▶ _TASK TO COMPLETE_
Your answer must restate the listing below word for word and contain no images.

▶ _DATA SHOWN_

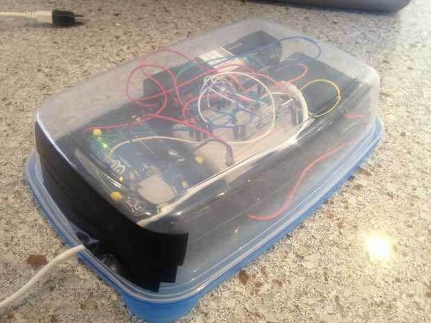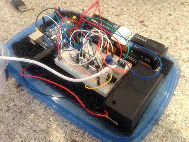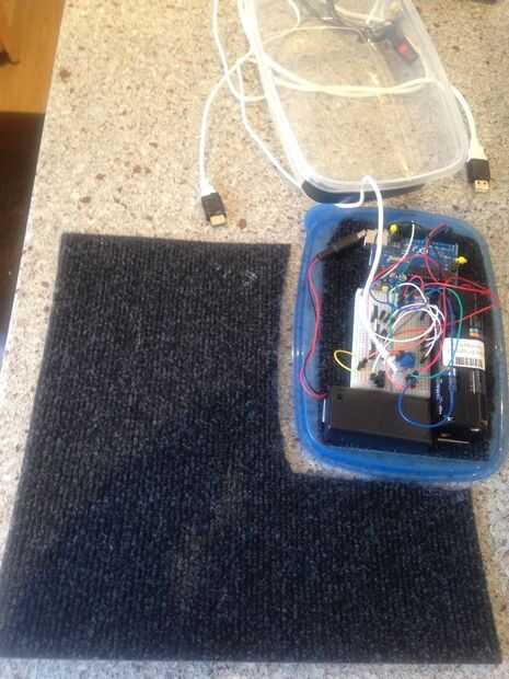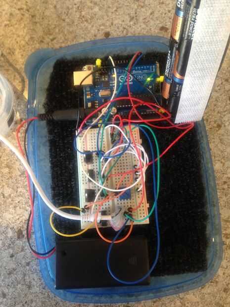 Utiliza un recipiente de plástico para contener todo el electonics para proporcionar algún grado de impermeabilización de la nieve. Para montar todo dentro el contenedor me había pegado un pedazo de una almohadilla de alfombra fina cortada y utiliza tiras de velcro para sujetar cada componente. Sentí que esto era conveniente porque podía mover todo tantas veces como sea necesario. En estas imágenes se puede ver el poder de Arduino fuente, es sólo una batería de 9V en la caja negra.
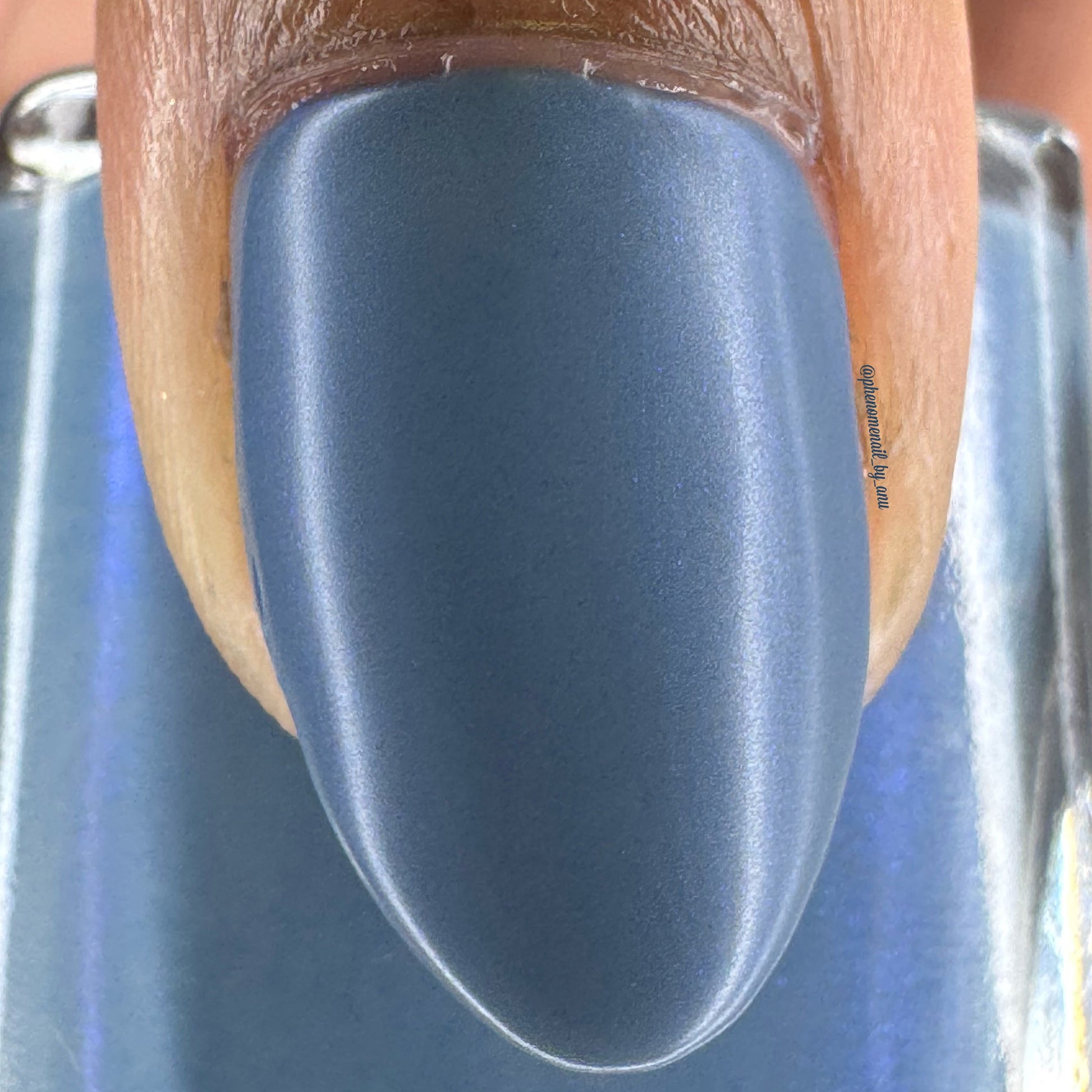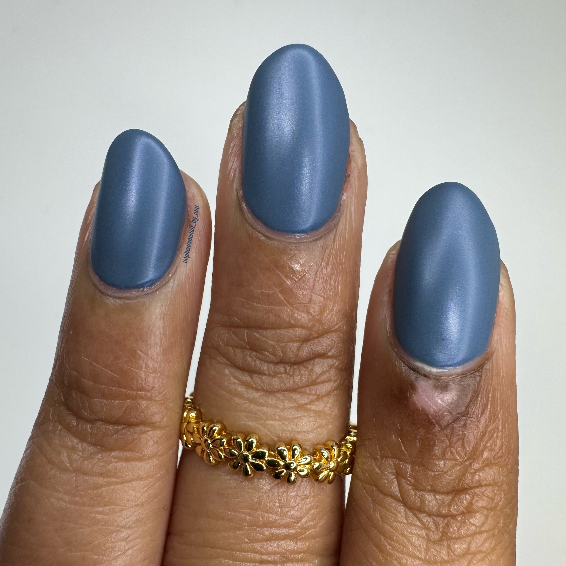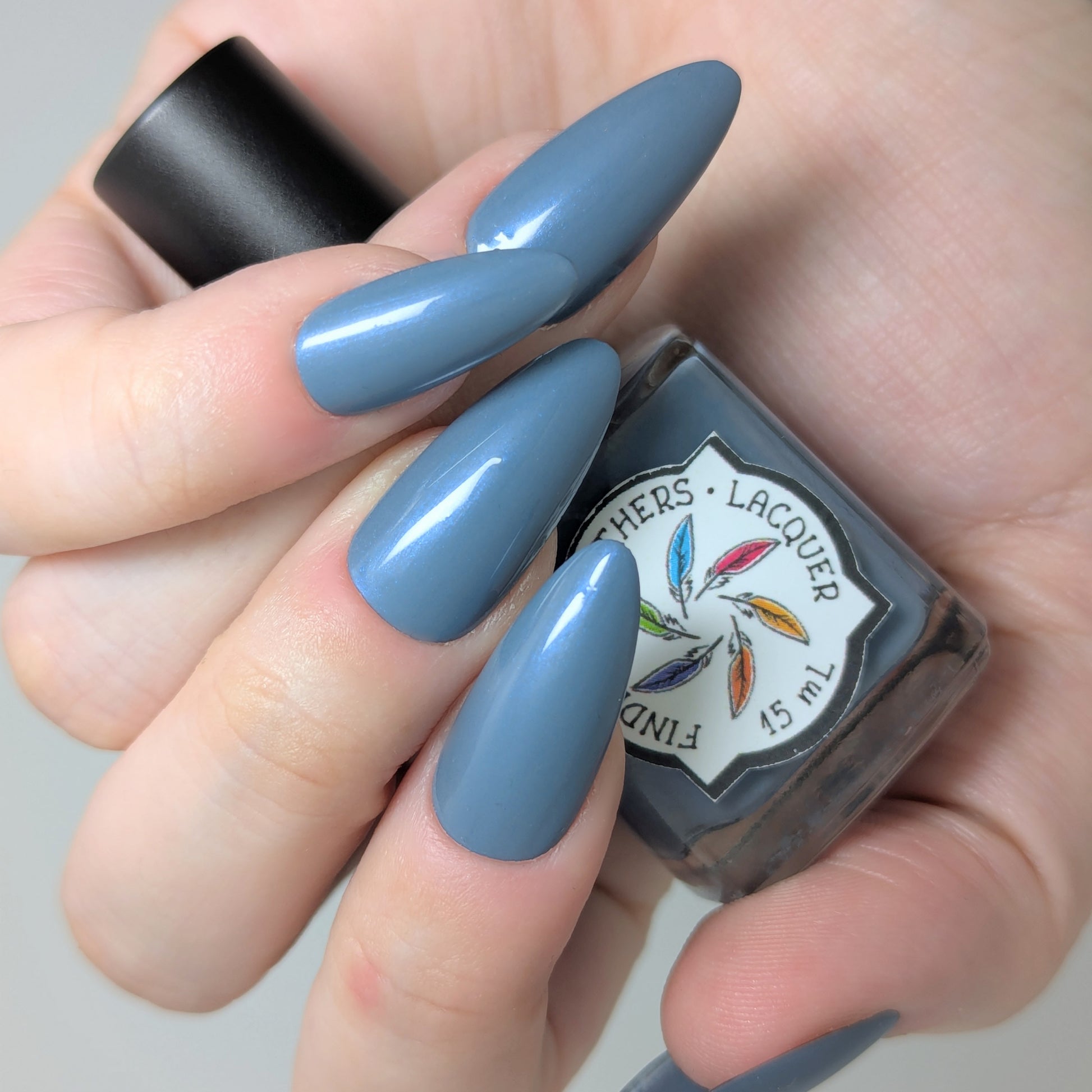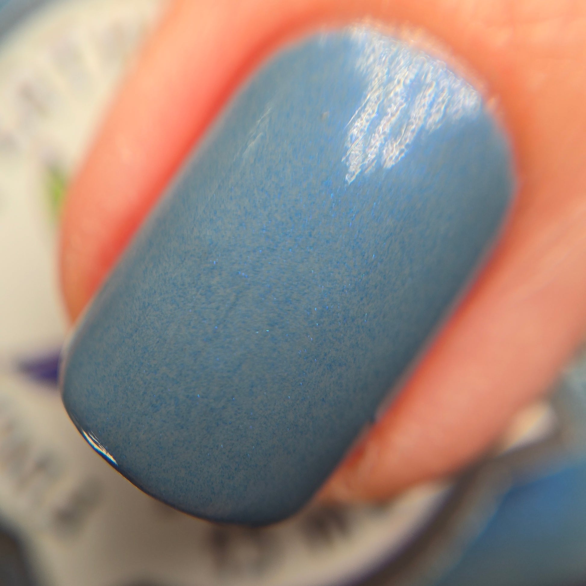 Morning Mist's neutral cozy gray base is mingled with a rich royal blue shimmer, creating a brisk steel blue shimmer creme polish.
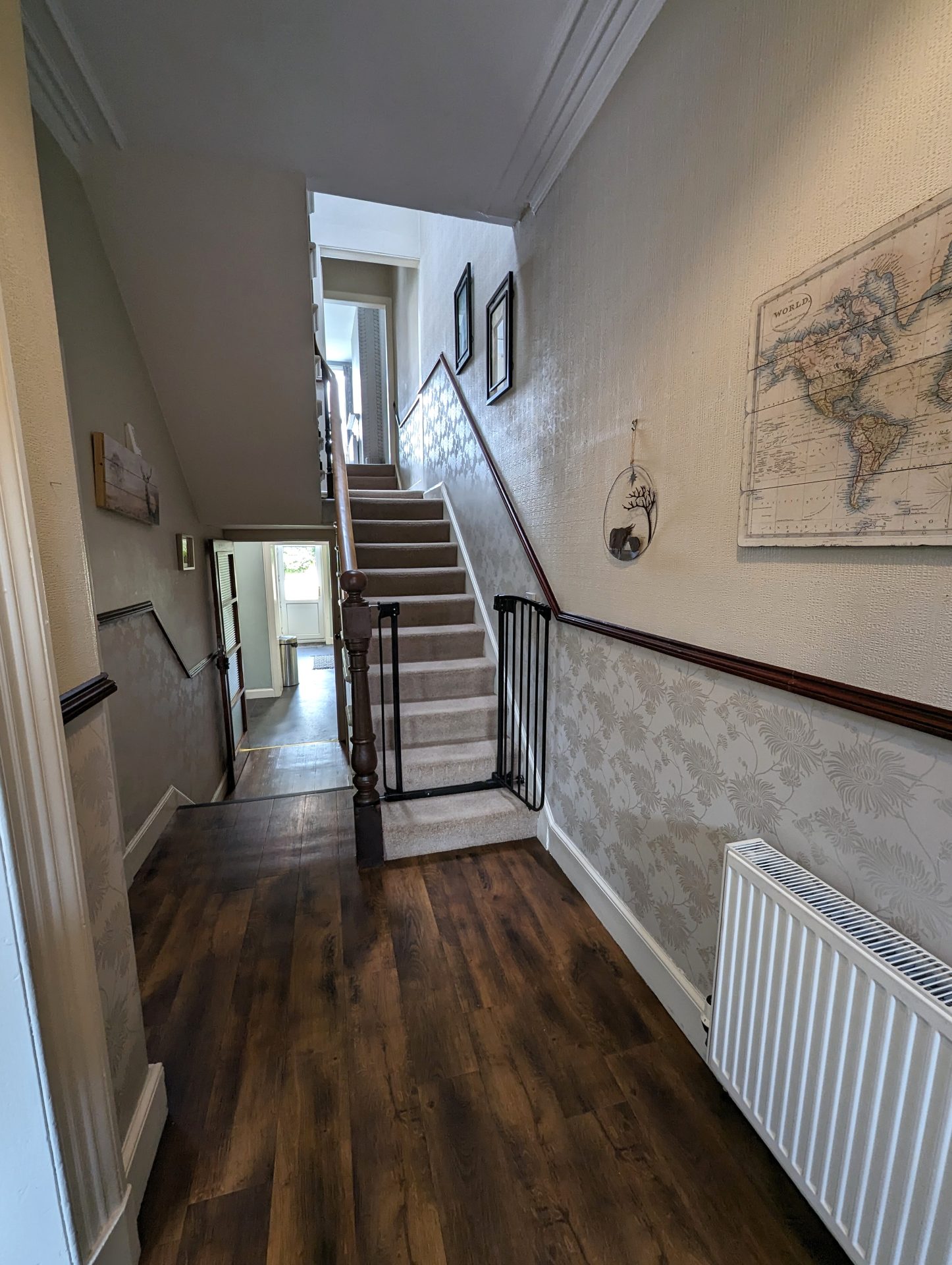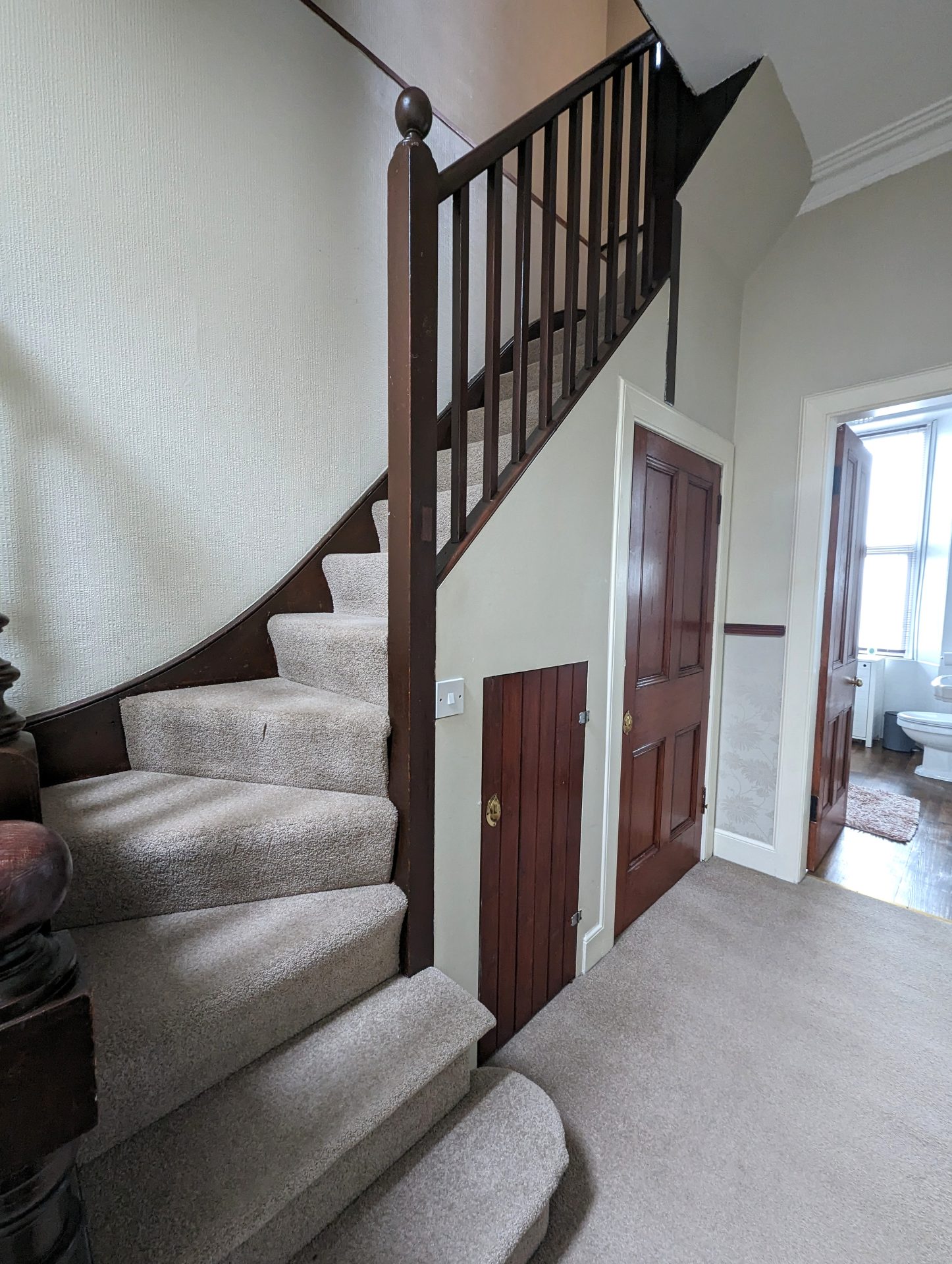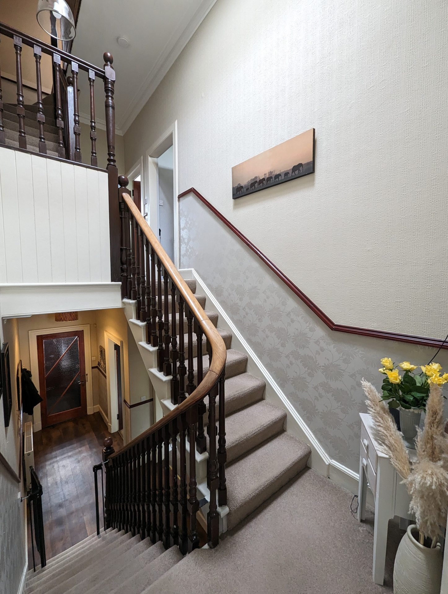 Stairs and landing with fitted carpet providing access to upper accommodation.

▶ _RESPONSE_
 Utiliza un recipiente de plástico para contener todo el electonics para proporcionar algún grado de impermeabilización de la nieve. Para montar todo dentro el contenedor me había pegado un pedazo de una almohadilla de alfombra fina cortada y utiliza tiras de velcro para sujetar cada componente. Sentí que esto era conveniente porque podía mover todo tantas veces como sea necesario. En estas imágenes se puede ver el poder de Arduino fuente, es sólo una batería de 9V en la caja negra.
 Morning Mist's neutral cozy gray base is mingled with a rich royal blue shimmer, creating a brisk steel blue shimmer creme polish.
 Stairs and landing with fitted carpet providing access to upper accommodation.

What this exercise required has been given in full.